Вновь обнадежившийся Путята загорелся мальчишеским рвеньем. Ему пришла идея вырядиться Амуром нынешнего столетья — существом болезненным и уродливым, грубо сверкающим грошового позолотой, согбенным под тяжестью орденов и огромного камергерского ключа.
— Чудо, как хорошо! — одобрил Евгений, окидывая друга блуждающим взором. — Как ты остроумен, славный Путятушка. И как славно молод…

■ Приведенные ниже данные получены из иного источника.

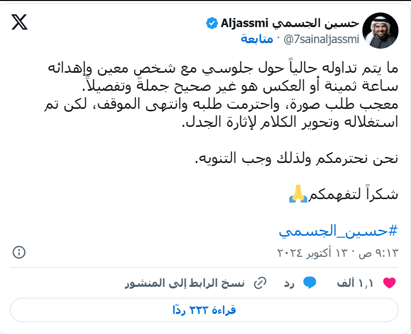 ونشر الفنان "حسين الجسمي" تغريدة عبر حسابه بموقع التدوين العالمى "إكس"، قائلاً: "ما يتم تداوله حاليًا حول جلوسي مع شخص معين وإهدائه ساعة ثمينة، أو العكس، هو غير صحيح جملةً وتفصيلًا، معجب طلب صورة، واحترمت طلبه وانتهى الموقف، لكن تم استغلاله وتحوير الكلام لإثارة الجدل، نحن نحترمكم ولذلك وجب التنويه".
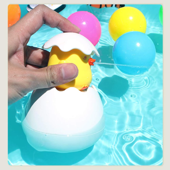 Floats in water to make bath-time or pool time more fun. Press the duck's egg into water, the duck's head will rise slowly from the egg. Take it out of water, it'll rain and become a sprinkler.
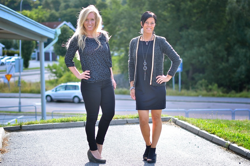 * Amanda har på sig fina toppen "Cass 1" från Soya som kommer i dag och sköna "Cleavo 5P". * Jag har på mig nya Vila-klänningen "Bea" som kommer i dag (perfekt modell som är den där "räddaren i nöden" i garderoben) och nya grå nynasen på kavajen/jackan "Valarie" som kommer nu.
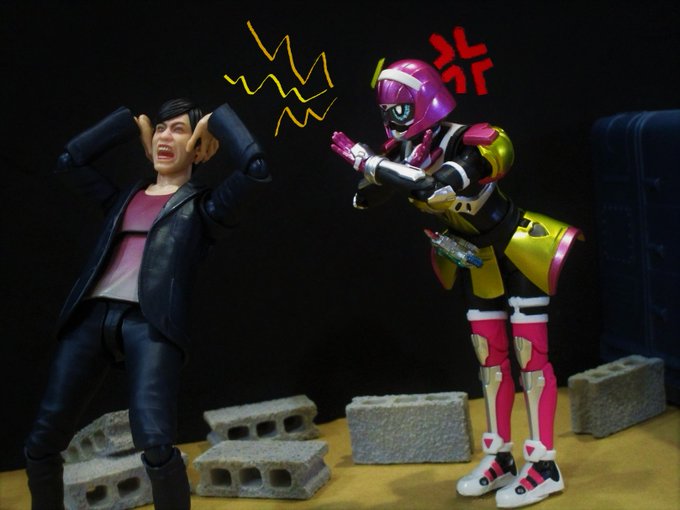 #夜のフィギュア撮影会 8/17テーマ「騒」(新規) 『騒ぎを起こしちゃ…ダメーッだよっ!!』 #オモ写 #toyphotography #t_shf #仮面ライダーエグゼイド #仮面ライダーポッピー #檀黎斗

Он поцеловал нагримированную щеку товарища и вслед за ним вошел в высокие двери. Зала, словно ждала его появления, так и ринулась встречь всем своим блеском, гулом, пылом… Но, властно разваливая и останавливая праздничную толчею, к оторопевшему унтеру двинулась жрица в лиловом хитоне, волнисто ниспадающем с медно-смуглого плеча. В правой ее руке пылал настоящий факел; дамы с пугливым смехом отшатывались от нее, мужчины восхищенной чредою следовали за пламеносной причудницей.
Закревская передала факел Львову и, кивнув Евгению, пошла с Путятой. Он отступил в угол и заговорил с Авророй, только что отбившейсй от преследующего ее Муханова. В гладком голубом платье, с тоненькой цепочкой на девственной шее, милая чернокудрая девочках небесным взглядом, как проста и прекрасна была она! Он любовался Авророй: он смотрел на нее с напряженной надеждой — так, верно, моряк, потерпевший кораблекрушение в ночном океане, ловит в тучах проблеск утренней лазури…
Закревская, опираясь на руку Путяты, снова приблизилась к ним.
— Вы прелестно сыграли свою роль, Николя, — небрежно говорила она. — Ваш наряд обдуман и прихотлив. А вы, господин Баратынский, отчего не в костюме?
— Не смею, — отвечал он. — Не смею и не умею носить другой костюм, кроме того, который на мне. — Он с натянутой улыбкой одернул полы грубого унтерского мундира.